Proprio in questi giorni, invece, è stato siglato un accordo che prevede l'arrivo di una pattuglia dell'Esercito in città. Spiega Zaccaria: «Con la sigla del protocollo d'intesa sul controllo di vicinato il prefetto Vito Cusumano ci ha comunicato di avere accolto la nostra richiesta di attivazione della operazione 'Strade Sicure' anche a Merano. Anche questo è un successo della nostra amministrazione e della tenacia con la quale il sindaco ha lavorato in silenzio ma sempre per i cittadini», precisa l'assessore comunale nonché leader di Alleanza per Merano.

Controllo di vicinato, si parte dai quartieri: «La regia in mano alle forze dell'ordine».
Merano lo attiverà in un quartiere pilota: «Leggo interpretazioni assurde - sottolinea Zaccaria - sul controllo di vicinato anche da chi sedeva in giunta con me la passata legislatura quando abbiamo lanciato l'idea per la nostra città». Di cosa si tratta in concreto? «Semplicemente si istituzionalizza, proprio per evitare derive personalistiche, il senso civico già presente tra la popolazione meranese della quale noi abbiamo piena fiducia, a differenza di chi sostiene il contrario. Chi critica il controllo di vicinato senza conoscerne i dettagli sono certo non avrebbe piacere di sapere che magari un furto subito sarebbe stato sventato se un vicino avesse segnalato precedentemente il pericolo».

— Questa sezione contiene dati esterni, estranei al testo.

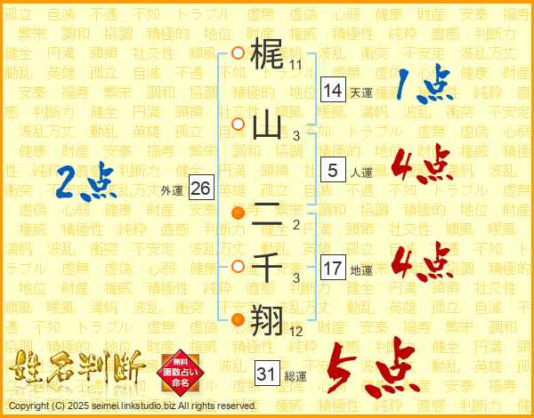 梶(11画)山(3画) 二(2画)千(3画)翔(12画)

«Nello specifico, non ci sarà alcuna delega della sicurezza ai cittadini, come erroneamente qualcuno vorrebbe far intendere, perché saranno sempre gli operatori di polizia a dover intervenire, i cittadini non potranno mai fare indagini e non potranno intromettersi nella sfera privata altrui. Ci sarà un coordinatore di quartiere, probabilmente un ex appartenente alle forze dell'ordine, che fungerà da anello di congiunzione tra le forze dell'ordine e un gruppo di controllo ben formato. Solo il coordinatore potrà interfacciarsi con le forze dell'ordine, in modo da ridurre a zero ogni possibile intrusione nella vita delle persone. Quindi, se qualcuno vuole attaccare il sindaco e criticare questa misura che per noi eleva la sicurezza dei nostri cittadini, è pregato di attenersi a quello che il controllo di vicinato è, così come applicato in 500 Comuni italiani, non a quello che si immagina possa essere questa misura, secondo valutazioni fantasiose e prive di verità», alza il tono Zaccaria.

Conclude, poi, Andrea Casolari: «Il nostro obiettivo principale è quello di garantire sicurezza ai cittadini utilizzando tutti gli strumenti che la legge mette a disposizione e facendo pressione sul Governo centrale affinché a Merano arrivino nuove risorse».